■ **WHAT THIS TASK INVOLVES**: The answer is an exact copy of the lines from the one with "Phoebe’s Style Notes" to the end of the listing below, pictures left out.

┌──

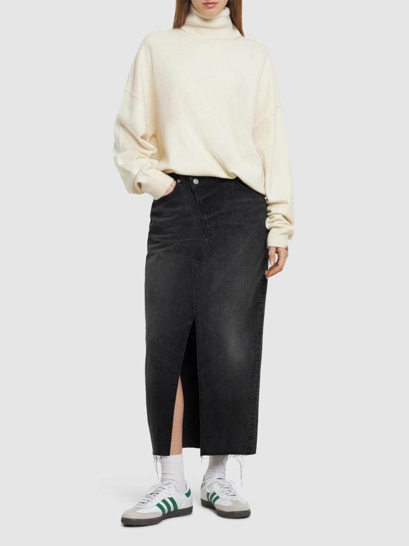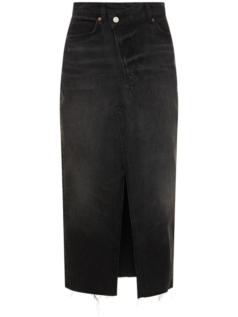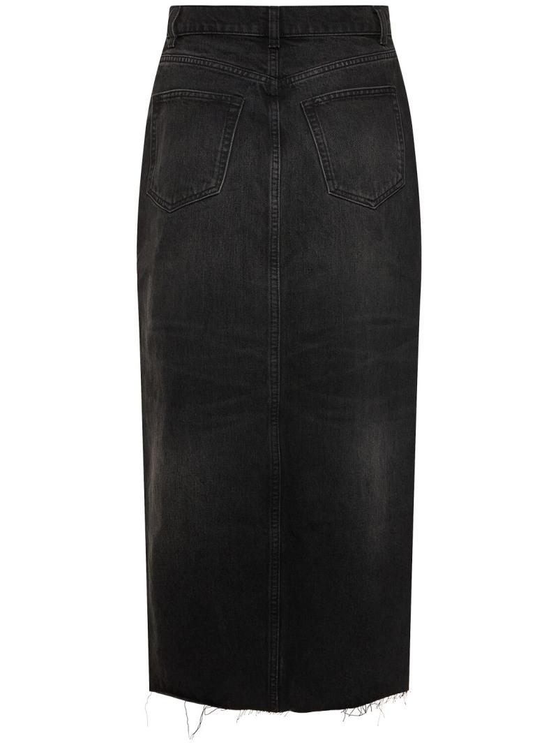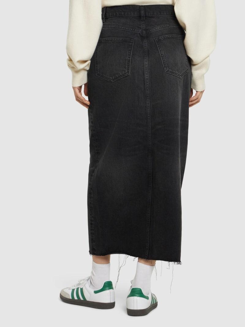 Nila牛仔长款半身裙 - 黑色 - 女士 - Reformation - 正面纽扣和隐藏式拉链开合.
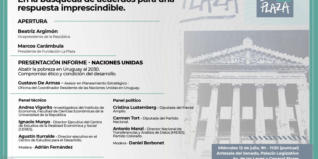 Será este miércoles 12 de julio de 9 a 11:30 horas en la antesala del Senado, Palacio Legislativo – Av de las Leyes y General Flores – bajo la organización de Fundación La Plaza, en la búsqueda de acuerdos para una respuesta imprescindible, con el objetivo de colocar un tema clave en el centro de la agenda pública.
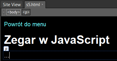 W pierwszym wierszu umieść hiperłącze do strony głównej index.html. Poniżej hiperłącza wstaw nagłówek: Zegar w JavaScript. Poniżej wstaw akapit z trzema kropkami:
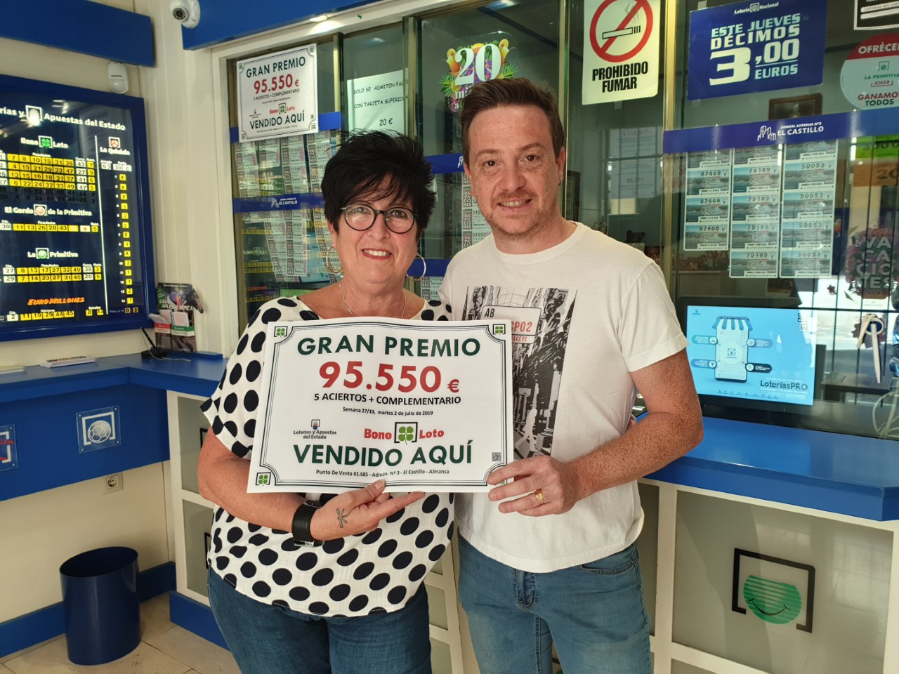 El boleto acertante de Almansa se validó en el Punto de Venta 0.1685, Administración nº 3 ubicada c/ Rambla De La Mancha, 42, es de 7 apuestas múltiple, validado en la modalidad pronosticada tipo Diaria. Y el importe total de dicho premio asciende a la cantidad de 95.550 euros.
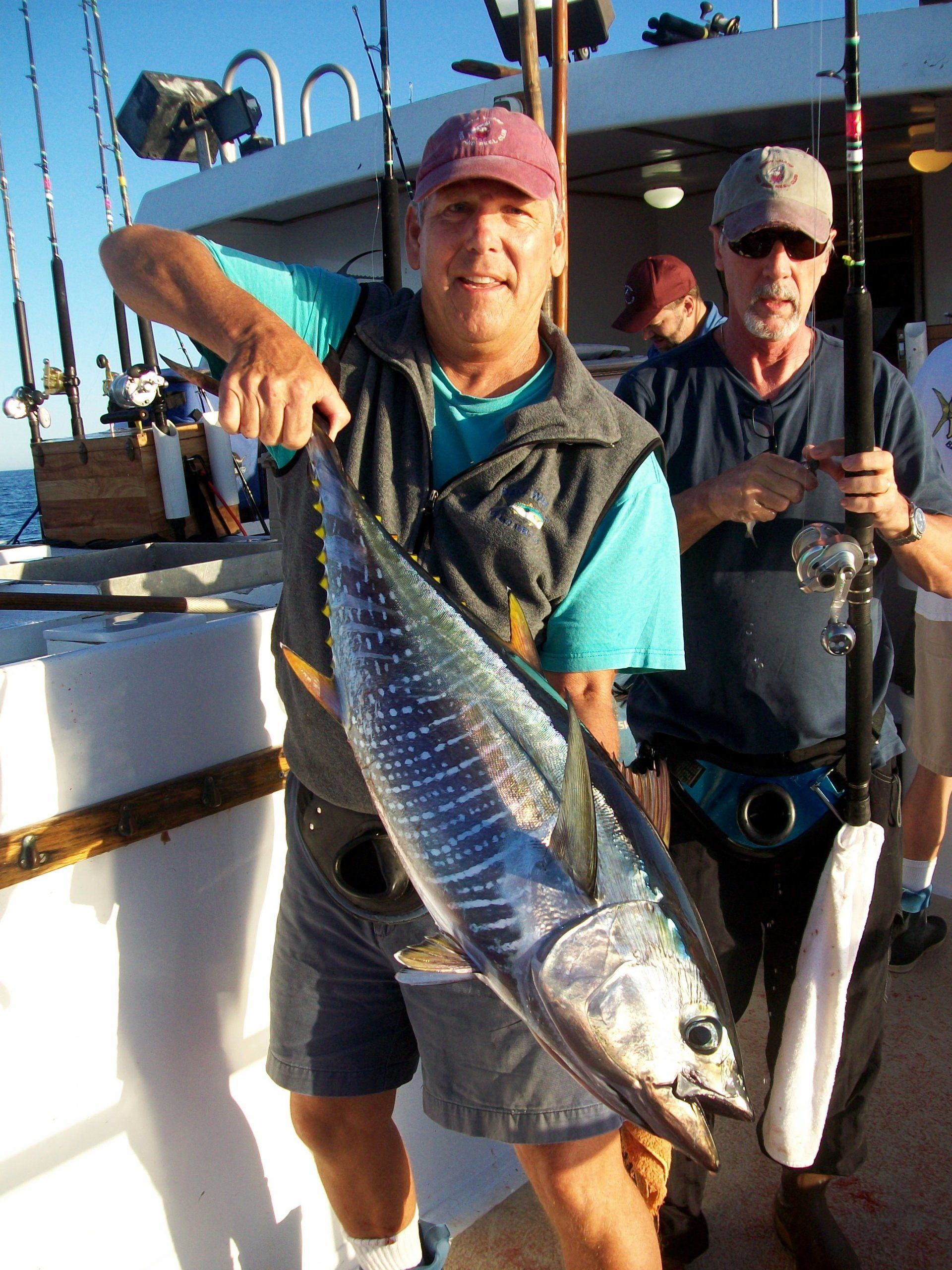 At about 10:00 the boat anchored over Tanner Bank. There were about 4 other boats there already. The bite was steady but not wide open all day. It produced a lot of fish using fin bait on the surface and yo yo irons. Since the water here was a little cooler, the fish caught were mostly YT and BFT. We moved around a few times to try different spots on the Tanner, but in the end we left Tanner headed for Cortez Bank for dinner and hopes of catching some mackerel for extra bait on Saturday. The mackerel were smaller fish about 4-6 inches. The larger baits did not seem to be there. We ate dinner (Enchiladas, Rice and Beans) with on the Cortez Bank and cocktails and the usual fine selections of wine. We spent a rocky night on the Cortez, but the weather held out and it was very warm and mild.
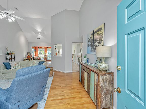 With the rear of the home facing south, the interior boasts a lot of natural light providing a bright and open ambiance. A ranch style home with a large FROG, this floorplan has a comfortable and open flow. Facing the pond, the primary bedroom has a tray ceiling, walk in closet and ensuite bathroom (boasting a jetted tub). The spacious kitchen with stainless steel appliances, upgraded cabinetry and coordinating stone countertops adds to the luxurious feel. A FROG over the two car garage is a huge bonus (possibly as a 4th bedroom)! Hardwood floors, vaulted ceilings, and a gas fireplace some of the wonderful features. Open deck with built in benches and retractable sun shade off the dining/ kitchen area lead to the lovingly tended yard filled with butterfly attracting flowers and plantings Inviting Al fresco meals by the pond or cocktails with friends, make this home is a gem. The community amenities include a boat ramp, community dock, playground, and many ponds. Situated in a tranquil neighborhood with close proximity to schools, beach, and downtown Charleston, the commutes are never too long.
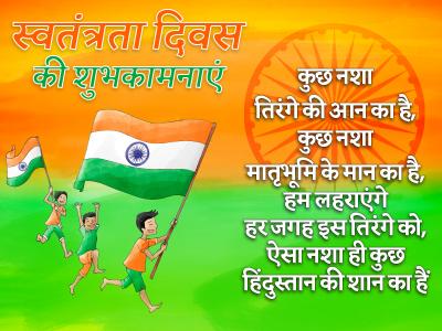 कुछ नशा तिरंगे की आन का है, कुछ नशा मातृभूमि के मान का है, हम लहराएंगे हर जगह इस तिरंगे को, ऐसा नशा ही कुछ हिंदुस्तान की शान का हैं
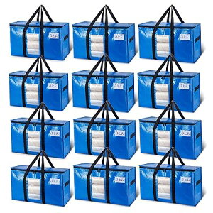 100L大容量、収納力抜群:抜群な特大引越しバッグの寸法:70cm35cm42cm、12パック。両端のジッパーと中央に大きな開口部があるため、衣類、おもちゃ、靴、タオル、必需品、枕、寝具、シーツ、毛布...
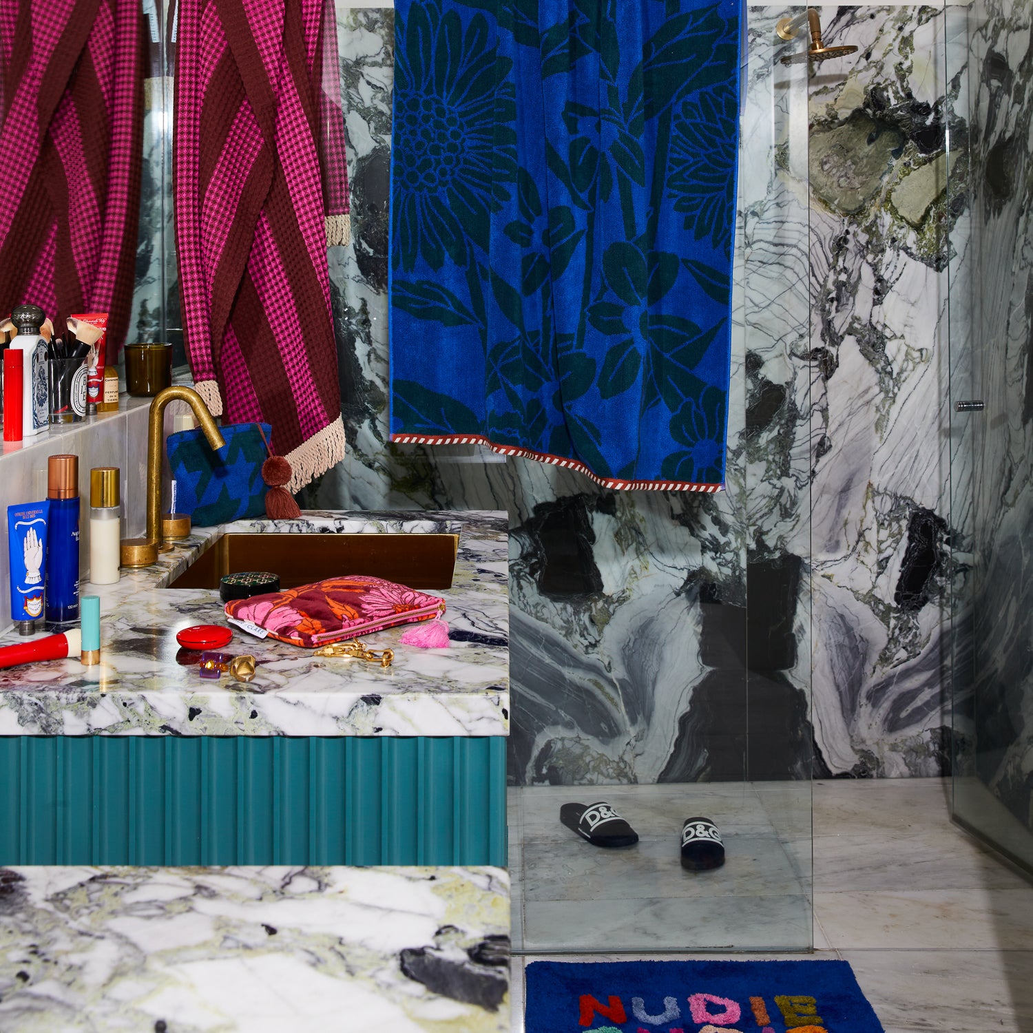 “Multiple fresh and rich colours lend an extra-uplifting feel to our cheeky and iconic Nudie Rudie slogan. This practical and playful mini design is made to bring a smile to your face every time you step out of the shower.” – Phoebe’s Style Notes
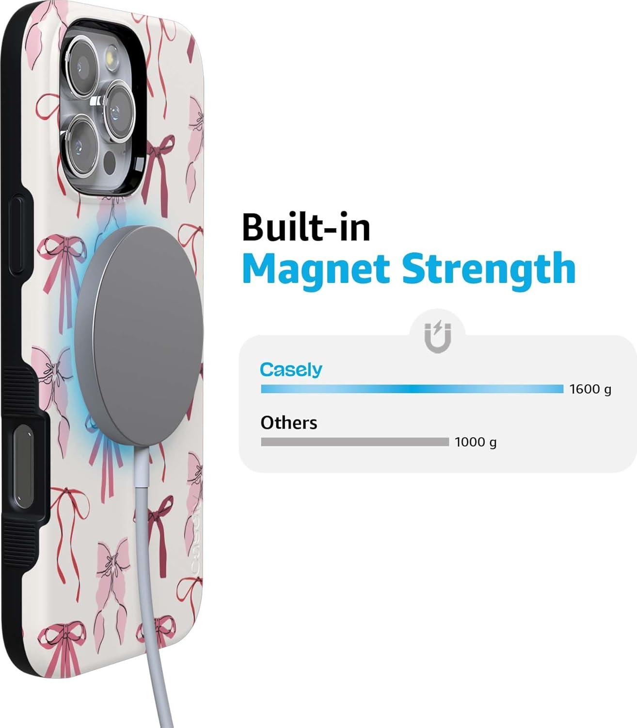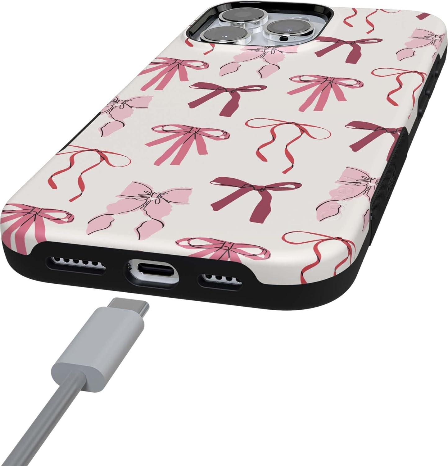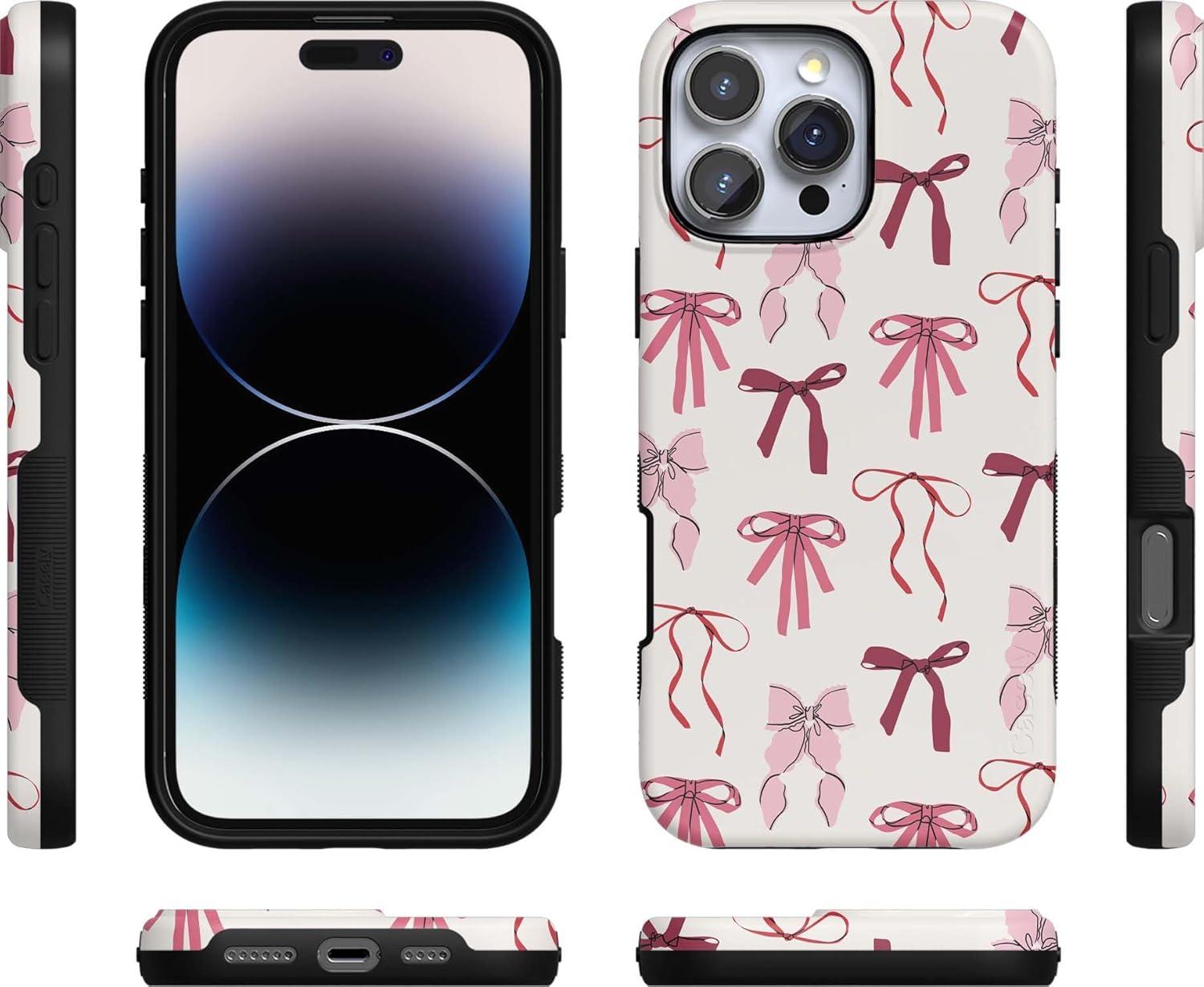Casely iPhone 16 Pro Max Case | Bordeaux Rose | Moody Monochrome | Bold Protective Design | Compatible with MagSafe(Lover Girlie | Pink Bows)
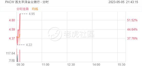 5月5日,美股地区性银行股反弹,西太平洋合众银行涨超56%,
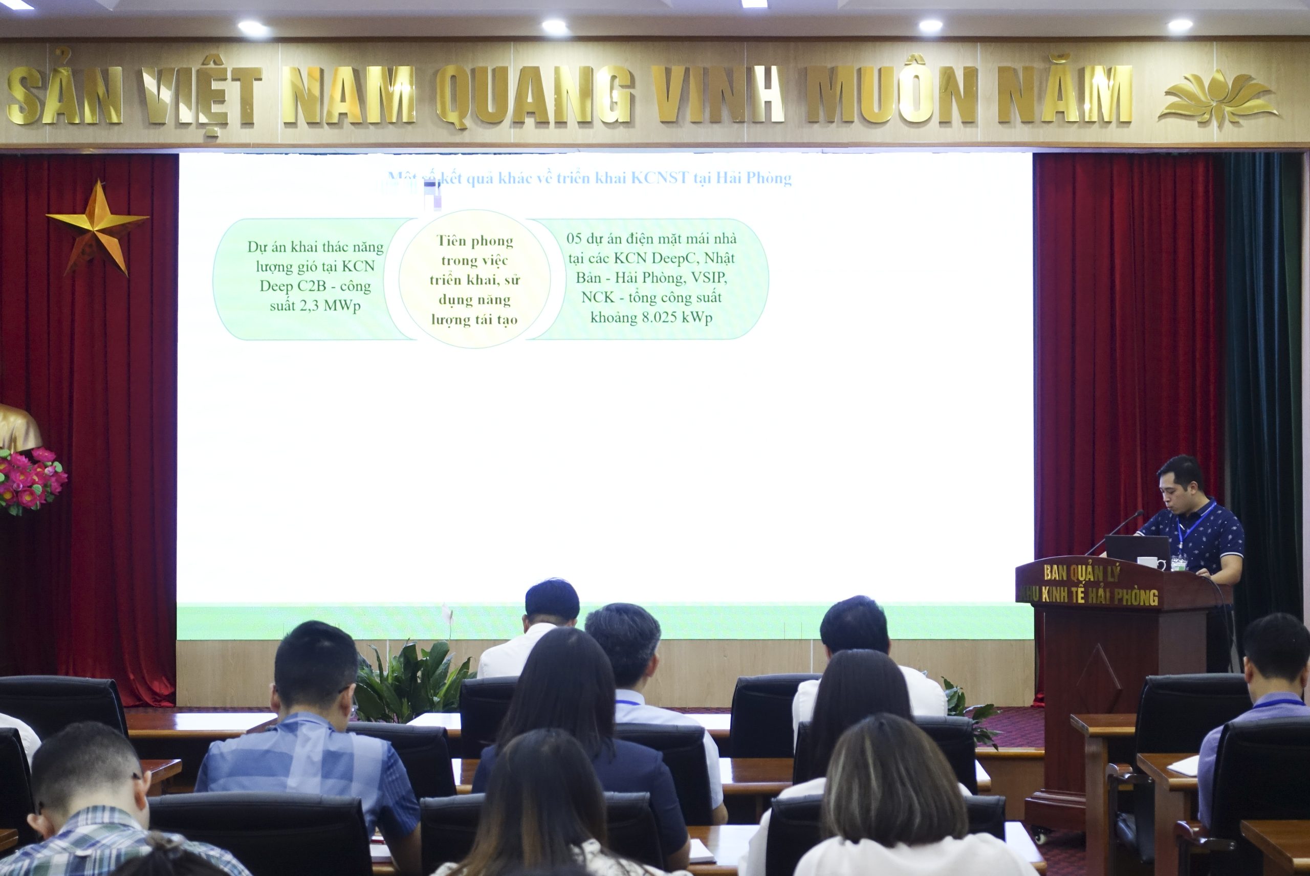 Trong buổi sinh hoạt, Phòng Tài nguyên và Môi trường tham gia báo cáo do đồng chí Nguyễn Văn Vương chuyên viên phòng Tài nguyên và Môi trường trình bày chuyên đề Tổng quan về phát triển khu công nghiệp sinh thái tại Việt Nam và Hải Phòng

└──

■ **RESULT**:
 “Multiple fresh and rich colours lend an extra-uplifting feel to our cheeky and iconic Nudie Rudie slogan. This practical and playful mini design is made to bring a smile to your face every time you step out of the shower.” – Phoebe’s Style Notes
Casely iPhone 16 Pro Max Case | Bordeaux Rose | Moody Monochrome | Bold Protective Design | Compatible with MagSafe(Lover Girlie | Pink Bows)
 5月5日,美股地区性银行股反弹,西太平洋合众银行涨超56%,
 Trong buổi sinh hoạt, Phòng Tài nguyên và Môi trường tham gia báo cáo do đồng chí Nguyễn Văn Vương chuyên viên phòng Tài nguyên và Môi trường trình bày chuyên đề Tổng quan về phát triển khu công nghiệp sinh thái tại Việt Nam và Hải Phòng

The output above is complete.